The views that MySQL creates are unable to reuse multi-column indexes, which meant that most of our models needed manual index creation, which is only possible on an actual table. This meant that we had to materialize most of our views (not really an issue, ultimately, we only have small amounts of data). From our dbt_project.yml
file:
# we need to materialize these to have decent indexes
customer_order_counts_per_year:
materialized: table
customer_order_counts_total:
materialized: table
customer_orders:
materialized: table
line_items:
materialized: table
Furthermore, I had to add post-hooks
entries to the individual models to create the necessary indexes, again reusing helper macros to avoid having to write too much manual SQL:
{% macro mysql_add_text_index(this, column, len)%}
create index {{ this.name }}__index_on_{{ column }} on {{ this }} ({{ column }}({{len}}))
{% endmacro %}
{% macro mysql_add_index(this, column)%}
create index {{ this.name }}__index_on_{{ column }} on {{ this }} ({{ column }})
{% endmacro %}
{% macro mysql_add_uindex(this, column)%}
alter table {{ this }} add unique index {{ this.name }}__index_on_{{ column }} ({{ column }})
{% endmacro %}
{{
config({
"post-hook": [
"{{ mysql_add_text_index(this, 'billing_email', 12)}}",
],
})
}}
With these changes, most of our models could be computed quite rapidly.
However, one oddity remained. For a very specific materialized table (not even a big one), the following model using it would hang. I didn't have time to investigate this more closely, although I'm sure I would learn much about MySQL. I ended up adding a DO SLEEP(5)

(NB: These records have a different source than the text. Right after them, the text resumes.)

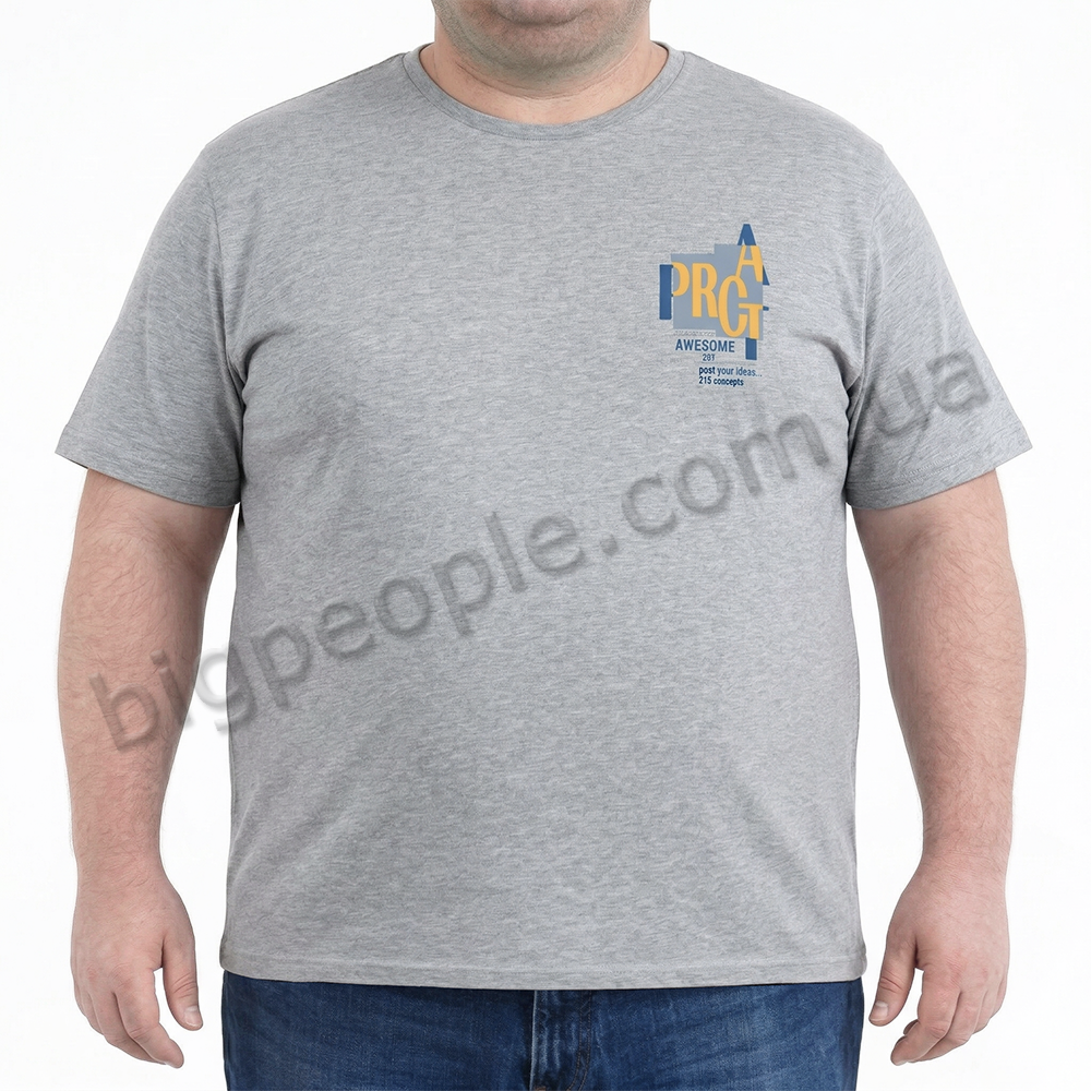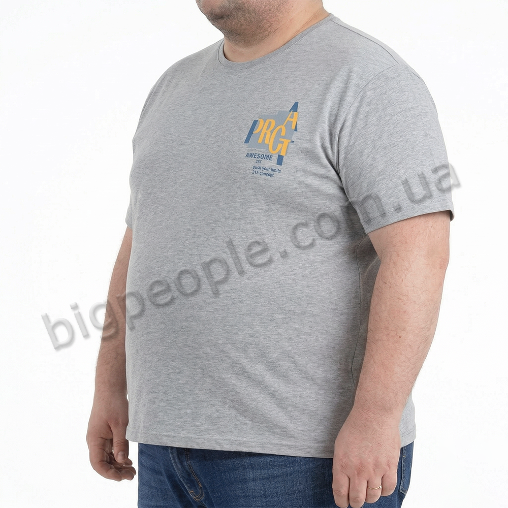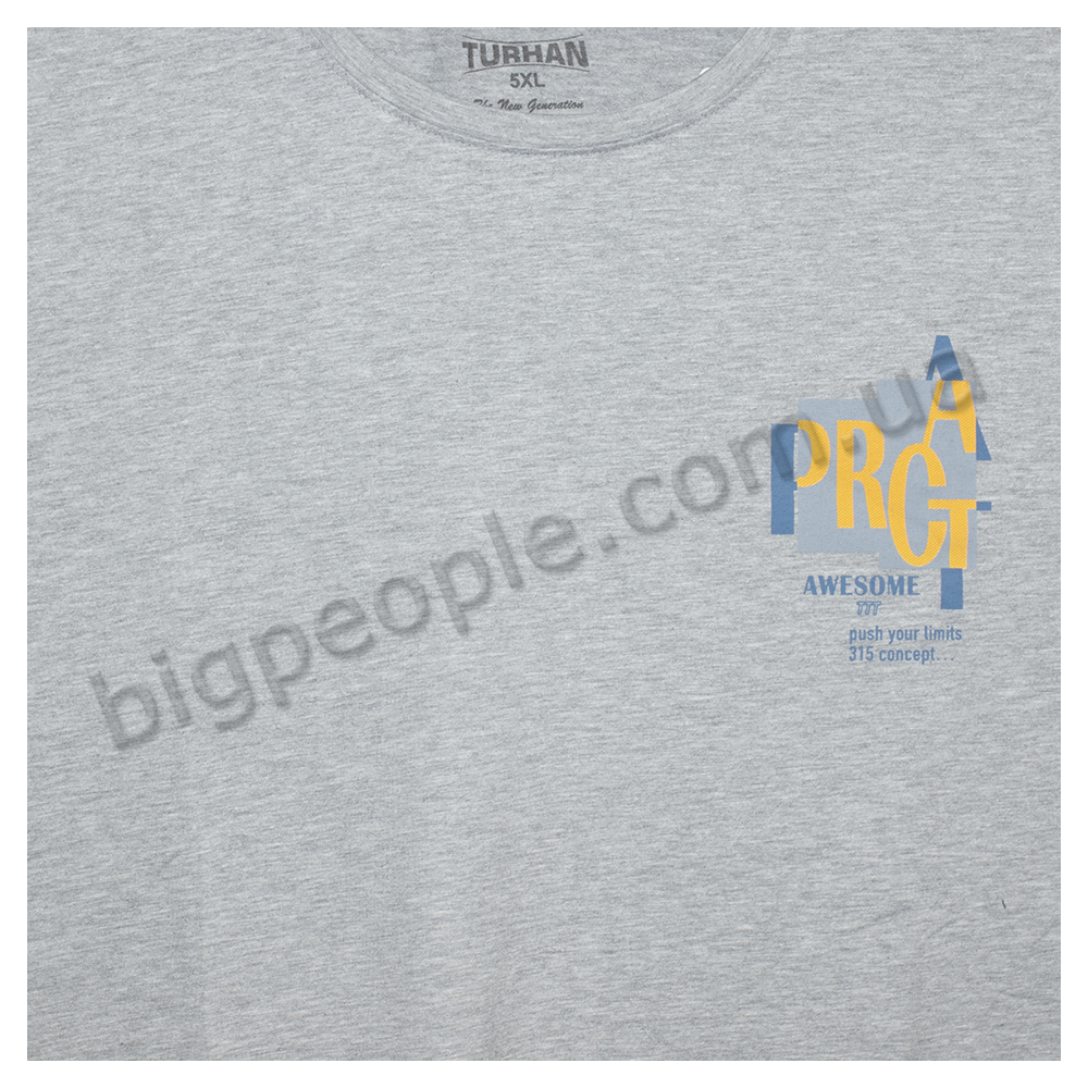 Футболка TURHAN для больших мужчин. Цвет серый. Впереди небольшой принт. Низ прямой. Производство Турция. Состав cotton (хлопок) 95%, эластан 5%.
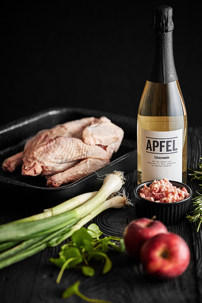 Eine Zwiebel klein hacken und zusammen mit dem Speck in etwas Butter in einem grossen, feuerfesten Topf andünsten. Das Suppenhuhn dazugeben und das Ganze mit 2 dl Gemüsefond und anschliessend mit Apfelwein ablöschen. Je nach Grösse des Topfes etwas mehr oder weniger Flüssigkeit beigeben. Das Ziel ist es, dass das Fleisch mindestens zu zwei Dritteln mit Flüssigkeit bedeckt ist. Das Ganze gut aufkochen und danach mindestens für eine Stunde zugedeckt weiterköcheln lassen. Dieser Prozess kann etwas verkürzt werden, wenn man die Legehenne zuerst nur im Gemüsefond im Dampfkochtopf einmal aufkocht. Danach sollte man sie aber unbedingt noch im Apfelwein garen lassen, weil erst dieser dem Ganzen seinen besonderen Geschmack verleiht.
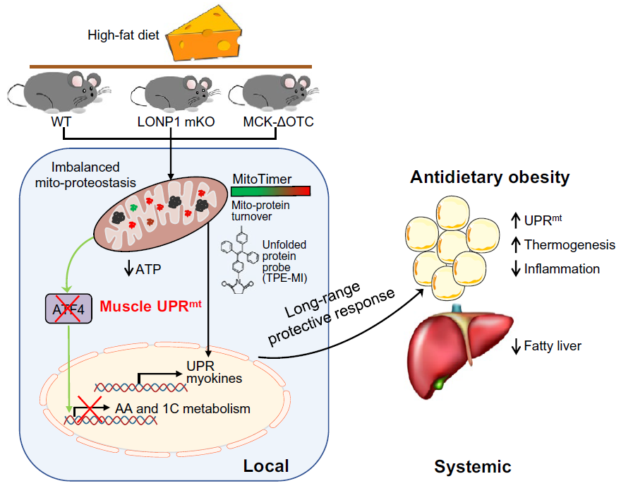 骨骼肌是人体最大的糖脂代谢和内分泌器官,骨骼肌糖脂代谢及其与其他器官之间的代谢交流在机体代谢稳态维持中起着至关重要的作用。线粒体对骨骼肌代谢功能至关重要,骨骼肌线粒体需要精细的、多层次的质量监控系统来保障其功能。此前,甘振继教授课题组揭示了骨骼肌线粒体自噬通路在调节骨骼肌线粒体功能以及机体代谢稳态中起着至关重要的作用,发现了骨骼肌代谢调控中不为人知的“线粒体自噬调控肌肉-脂肪间的代谢交流”的重要作用模式。在此研究基础上,该课题组进一步探索骨骼肌线粒体质量控制的第一道防线——线粒体蛋白质稳态控制对肌肉代谢的影响。尽管线粒体UPRmt 在线虫中已经被广泛研究,但在哺乳动物体内的作用机制和生理功能仍不清楚。针对这一难题,作者综合应用了体内线粒体蛋白周转Mito-timer报告系统、未折叠蛋白化学小分子探针、高通量转录组/代谢组、基因敲除/转基因等遗传操作方法进行系统研究。发现骨骼肌线粒体蛋白酶LONP1的缺失可导致线粒体蛋白周转减缓,引起骨骼肌线粒体形态和功能异常。然而出乎意料的是,骨骼肌特异性的LONP1敲除小鼠显著抵抗高脂饮食诱导的肥胖,胰岛素抵抗和肝脏脂肪变性。为了确证线粒体蛋白质稳态控制与高脂饲喂诱导的肥胖之间的机制关联,作者还构建了另一种转基因小鼠模型,在肌肉中特异性过表达一种线粒体驻留的错误折叠蛋白——突变形式的鸟氨酸转氨甲酰酶(ΔOTC)。该转基因小鼠也展现出与LONP1肌肉缺失小鼠类似的整体代谢改善表型。进一步通过高通量的转录组学分析发现,骨骼肌中线粒体蛋白稳态失衡激活了UPRmt,介导了肌肉与脂肪及肝脏间的长距离交流,促进了高脂状态下脂肪和肝脏的代谢改善。此外,为了进一步探究骨骼肌UPRmt的机制,作者通过转录组学及代谢组学的联合分析,并结合骨骼肌特异性LONP1和转录因子ATF4双敲除的小鼠模型,系统阐明了骨骼肌线粒体UPRmt的作用模式。简言之,骨骼肌线粒体UPRmt通过ATF4通路调控肌肉氨基酸代谢和一碳代谢,而通过ATF4非依赖的方式长距离调节整体代谢稳态。

to the pre-hook of that model. This is really just like embedded programming, if you ask me.
{{
config({
"pre-hook": [
"DO SLEEP(5)",
],
"post-hook": [
"{{ mysql_add_text_index(this, 'billing_email', 12) }}",
"{{ mysql_add_index(this, 'fiscal_year') }}",
"{{ mysql_add_index(this, 'previous_fiscal_year') }}",
]
})
}}
Conclusion
With these changes, I could move our analytics pipeline to run directly against our production DB, with no performance impact. WordPress is already quite the rapacious beast in terms of performance; one more query run twice daily with 18 joins didn't really register.